Firstly I may have inadvertently misrepresented the link between Government and the regulator Ofcom. The latter technically reports to parliament (not the executive) and this ‘Prime Directive’ was, I think, enshrined in the Comms Act (2003?). Lots of countries manage these regulatory relationships in different ways – the more ‘centrally-directed’ examples in Asia spring to mind. The UK chose a more independent ‘hands off’ approach to constrain temptations to intervene and this has left us with a culture of market supremacy. You might say that to have a large number of small stakeholders (parliamentarians) is about as effective as small shareholders trying to vote on corporate renumeration but the reality is that without a well-informed ‘body politic’ the Executive may well be as frustrated as the citizens and business consumers whose interest are supposed to be paramount.
Secondly, my underlying (but perhaps not made explicit) point is that people are gradually realising that all this digital stuff adds up to a very basic part of the UK’s infrastructure. The quality of the access networks impact on the performance of all sectors of the economy and in the way we and our communities develop. Things get filed, categorised, departmentalised and in the process of creating any expert silo the bigger picture is often lost. That’s why I resort to talking about dealing with the Digital Deficit as a prerequisite for dealing the Economic, Environmental, educational, Energy . . . and pretty much all other deficits. This is something recognised in NextGen’s Connected Causes programme – and we do need to move on from a narrow focus of intense criticism on folks who are doing exactly what anyone would expect.

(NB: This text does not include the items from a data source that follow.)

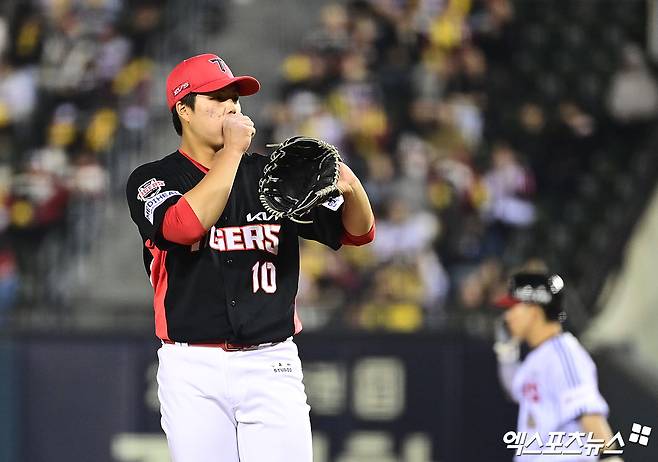 KIA 타이거즈 우완 영건 김태형이 5이닝을 채우지 못하고 교체됐다.
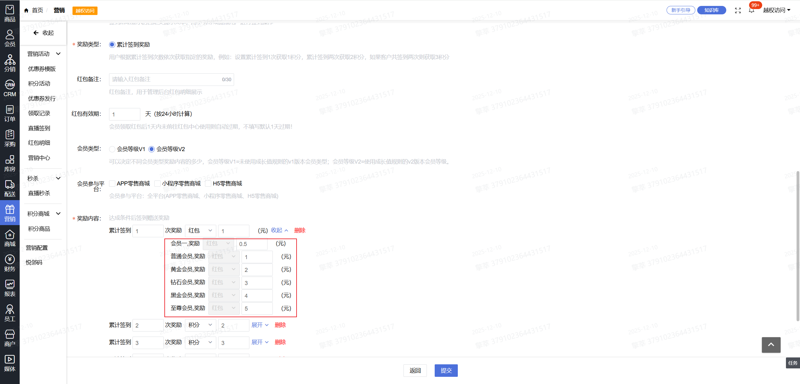 4.可以根据不同的会员等级设置不同的领取金额
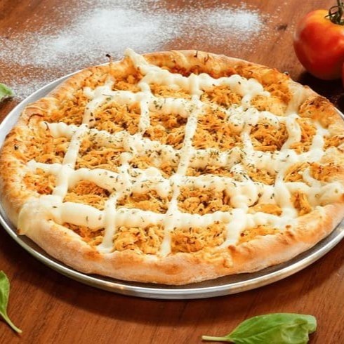 Molho de tomate, frango desfiado, mussarela, catupiry, azeitonas e orégano
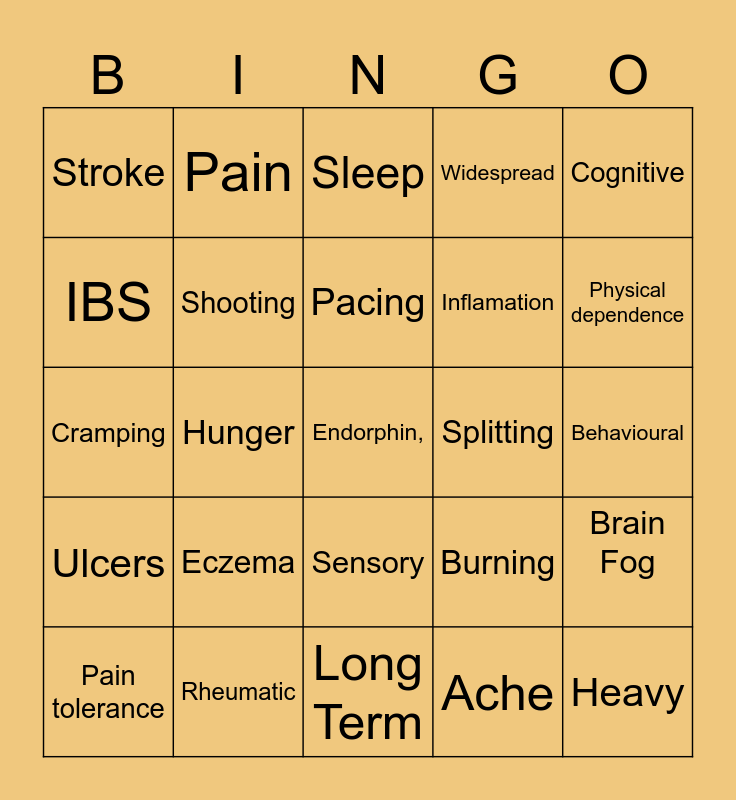 This bingo card has 67 words: Fibromyalgia, Migraine, Stomach cramps, Brain Fog, Insomnia, The 4 Ps, Pain, Purpose, Pacing, Positivity, Sensory, Physical, Behavioural, Cognitive, Spiritual, IBS, Hunger, Stroke, Abscesses, Inflamation, Eczema, Ulcers, Widespread, Ache, Weather affected pain, Stiffness, Fatigue, Transduction, Physical dependence, Tolerance, Endorphin,, Chronic pain, Addiction, Acute pain, Pain threshold, Pain tolerance, Aching, Burning, Cramping, Heavy, Sharp, Shooting, Splitting, Stabbing, Stinging, Women, Men, Rheumatic, Arthritis, Control, Sleep, Emotion, Traumatic, Persistent, Intermittent, Long Term, GP, Unseen, Unheard, Unsupported, Advocacy, September, Validation, Understanding, Awareness, Support and Difficult.
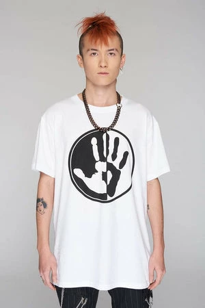 An imposing, white unisex t-shirt from Long Clothing. This t-shirt has a fierce black and white hand print at the front.
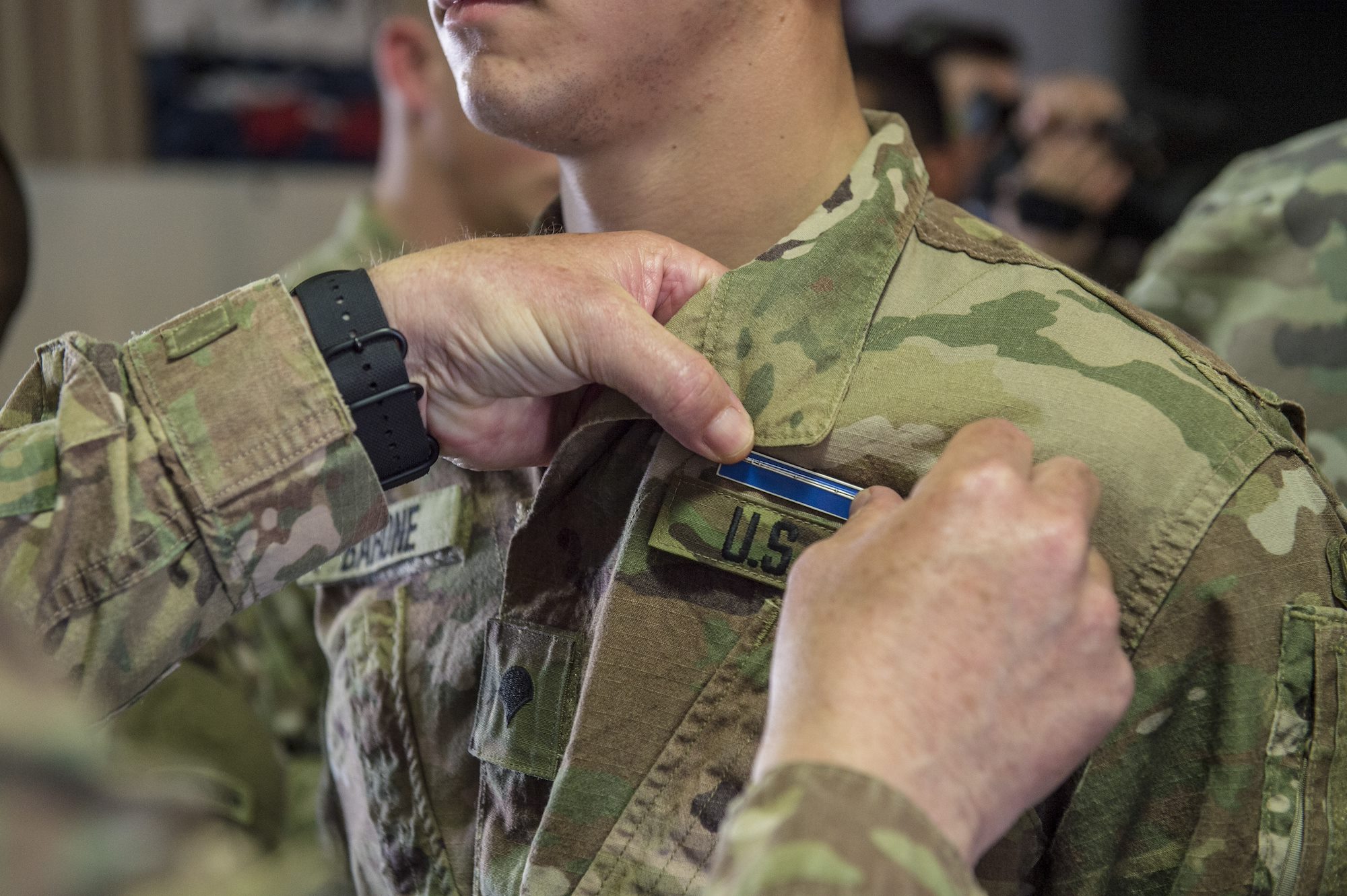 A U.S. Army Soldier assigned to Combined Joint Task Force – Horn of Africa receives his Expert Infantryman Badge during the badge ceremony at Camp Lemonnier, Djibouti, Feb. 2, 2018. After two weeks of training and five days of testing, 50 Soldiers completed the process to earn the coveted special skills badge that requires Soldiers to perform an Army Physical Fitness Test, day and night land navigation, a 12-mile forced march, and 30 individual tasks covering weapons, medical, and security patrol skills. (U.S. Air Force photo by Staff Sgt. Timothy Moore)

Finally, I do believe that we gain a lot from adding a touch of gentle humour to these debates. So I thank you for your reply yesterday – May the Fourth be with you!
May the fourth be with you too, and don’t forget your towel. I totally agree with your statement “Things get filed, categorised, departmentalised and in the process of creating any expert silo the bigger picture is often lost.” So how do we make them see the truth? or actually read the paperwork? I notice the same thing happening in the hospitals, they do all the obs, they tick the boxes, but nobody actually interprets the results. There are too many tickers these days.